This repository contains the code and data for the paper "Comparing deep learning and concept extraction based methods for patient phenotyping".
In data/annotations.csv, you can find our annotations as well as unique identifiers for patient visits in MIMIC-III, namely the hospital admission ID, subject ID, and chart time. Due to HIPAA requirements, we cannot provide the text of the patients' discharge summary in this repository. With the information named above and access to MIMIC-III, it is easy to extract the text from the identifiers. We are in the process of submitting the annotations as a direct add-on to MIMIC-III to physionet which will make the linking-step obsolete. If you experience difficulties with the data, please contact us and we are happy to help!
In the following sections, we assume that annotations.csv is extended by an additional column named "text" that contains the discharge summary.
If you want to use the same word-embeddings we use, please download them here: https://drive.google.com/open?id=1v_89KD993yXhYhsQQNZiwwFoy3aUD9Oq
Here is how to run the code for baselines and deep learning components.
To run all the code on the same training and test splits, we provide preprocessing code in preprocessing.py. We assume that you ran word2vec on the extracted texts first and saved the resulting vectors in a file named "w2v.txt". If you need assistance or want to use our vectors, please contact us (as the file size is too large for this repository).

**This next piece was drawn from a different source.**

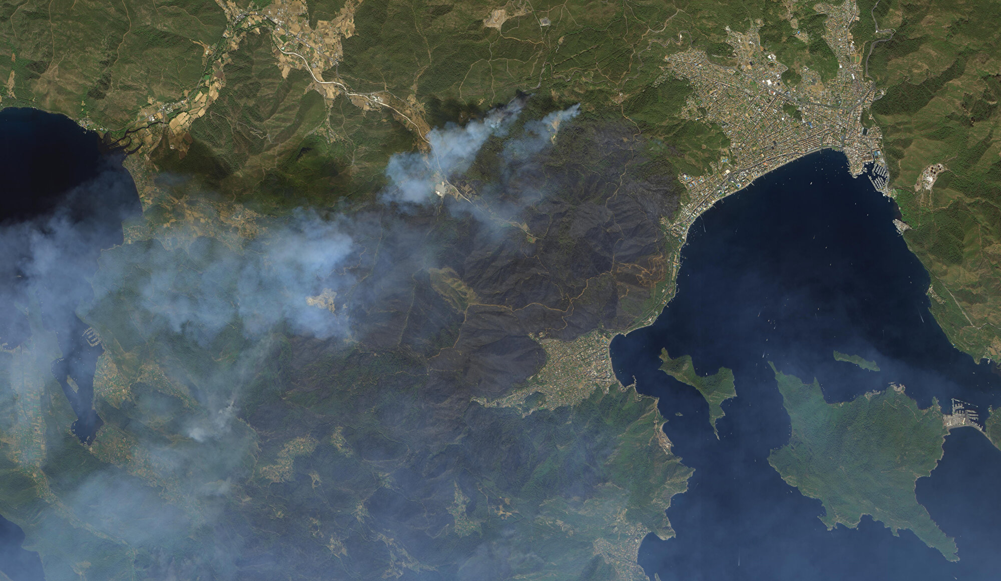 Türkiye'nin yüksek çözünürlüklü yerli keşif uydusu Göktürk-1 ve Göktürk-2, Manavgat ve Marmaris'teki orman yangınlarını görüntüledi.

run it with the following command (with python 2.7):
python preprocess.py data/annotations.csv w2v.txt
This will create one file data.h5 and one file data-nobatch.h5 in your main directory. Use the batched file for a speedup in the lua code, and the non-batched file for the baselines.
The code for baselines can be found in basic_models.py. It is compatible with both python 2 and 3. To run it, simply enter
python basic_models.py --data data-nobatch.h5 --ngram 5
We recommend that you have a GPU with a cuda installation. Otherwise, training might take a very long time! This code is based off of the following repository: https://github.com/harvardnlp/sent-conv-torch You can find more information there!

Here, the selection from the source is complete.